Halil Cibran(1883-1931) diyince akla ilk gelen yapıt Ermiş'tir. Ermişin Bahçesi de onun devamı olarak yazılmış ve yazarın ölümünden sonra yayımlanmış.(1933)
Her güzel eserde olduğu gibi kitabı okumayı bitirdiğimde neden daha önce okumadığımı sordum kendime. Ne yaparsak yapalım, okuyacak o kadar güzel kitap var ki... Tüm güzel ve okunası kitaplara yetişemeyeceğiz maalesef.
Kitapta bendeki baskıda 10. sayfanın tamamını alıntılamak istedim aslında fakat daha sonra inceleme yaparım ve orada paylaşırım diye düşündüm. İşte o sayfadan cümleler:
Yazık o millete ki, dokunmadığı şeyi giyer, ekip bilmediğini yer, hasat etmediği tohumun ekmeğiyle beslenir, kendi cenderesinden çekmediği bir şaraptan içer.

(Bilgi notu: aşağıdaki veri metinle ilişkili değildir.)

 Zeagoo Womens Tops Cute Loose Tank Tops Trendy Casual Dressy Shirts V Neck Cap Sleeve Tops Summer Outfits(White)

Yazık o millete ki, zorbayı bir kahraman gibi alkışlar ve gösterişli fatihi hayırsever sanır.
Yazık o millete ki, rüyasında küçümsediği tutkuya uyanıkken boyun eğer.

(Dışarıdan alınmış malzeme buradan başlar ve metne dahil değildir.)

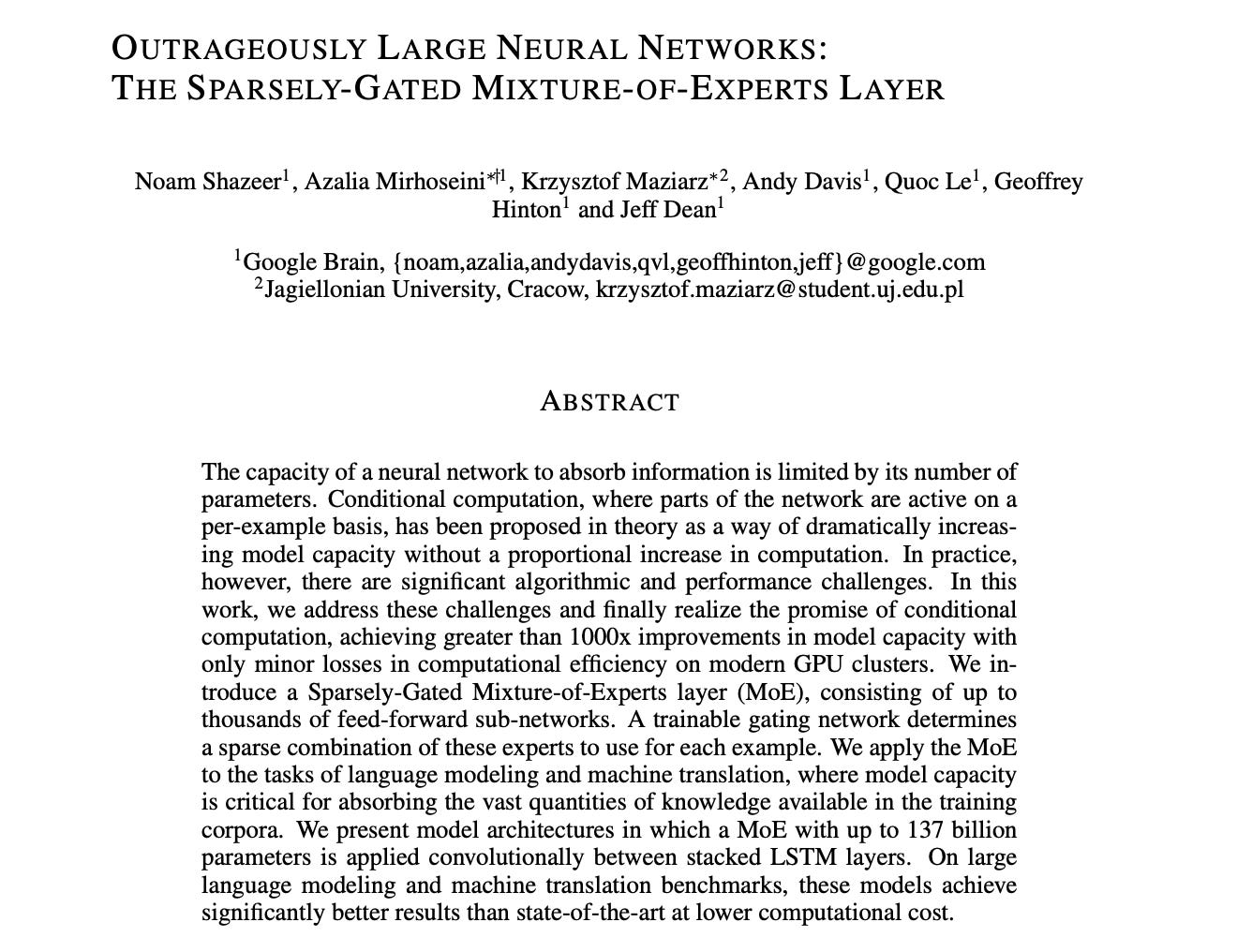 The authors of this paper applied the MoE architecture to RNNs with LSTM layers, rather than LLMs of today.

Yazık o millete ki, sesini sadece cenaze törenlerinde yükseltir, sadece yıkıntılar arasında kibirlenir ve sadece boynu kılıçla kütük arasındayken başkaldırır.

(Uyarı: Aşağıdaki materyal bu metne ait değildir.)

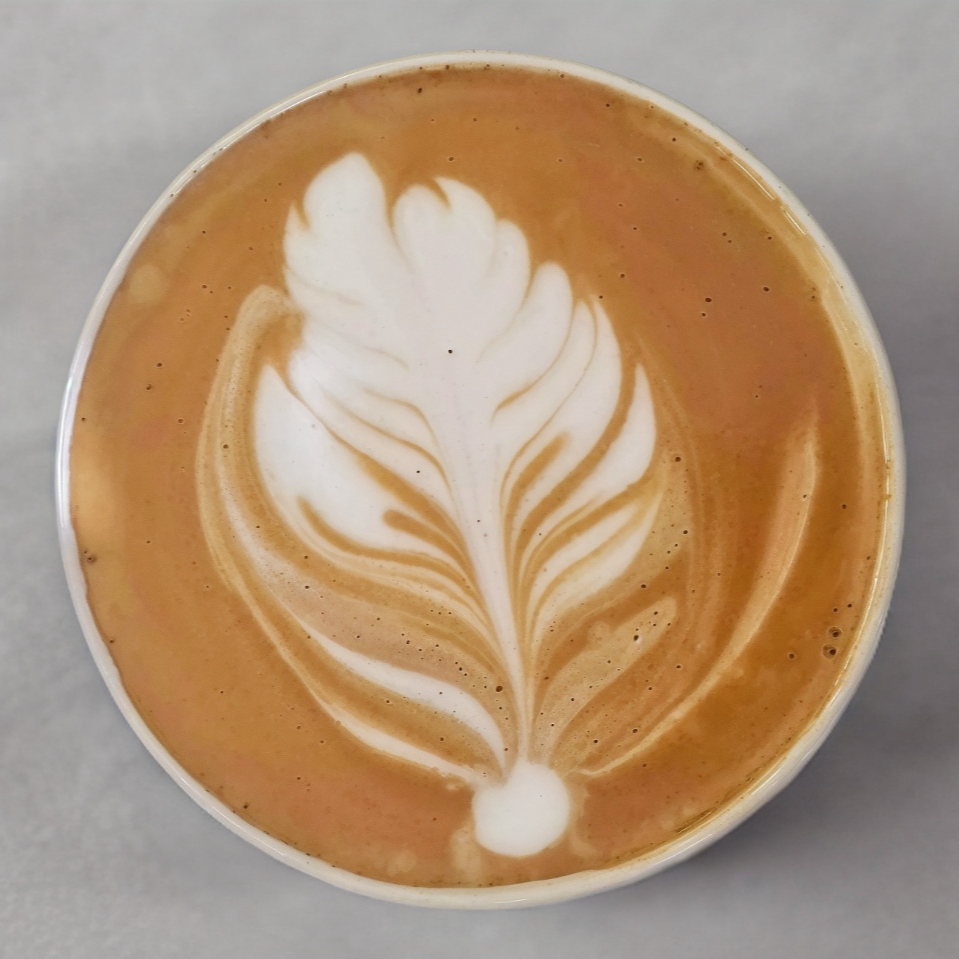 Café con leche coronado con una capa de espuma de leche 16 oz.

Yazık o millete ki, devlet adamı bit tilki, filozofu bir hokkabaz, sanatı yamama ve taklit sanatıdır.
Yazık o millete ki, yeni hükümdarını borazan sesleriyle karşılar ve bir sonraki hükümdarını da borazanlarla karşılamak için, onu yuhalayarak uğurlar.
Güçlü adamları henüz beşikteyken, bilgeleri yıllarca susturulan o millete yazık!
Ve her parçası kendini bir millet sanan, o bölünmüş millete yazık!
Ben yazarı ve yazarın (okumuş olduğum) her iki eserini de çok sevdim. Umarım sizler de seversiniz hatta belki yazarla benden önce tanışmışsınızdır ve zaten seviyorsunuzdur.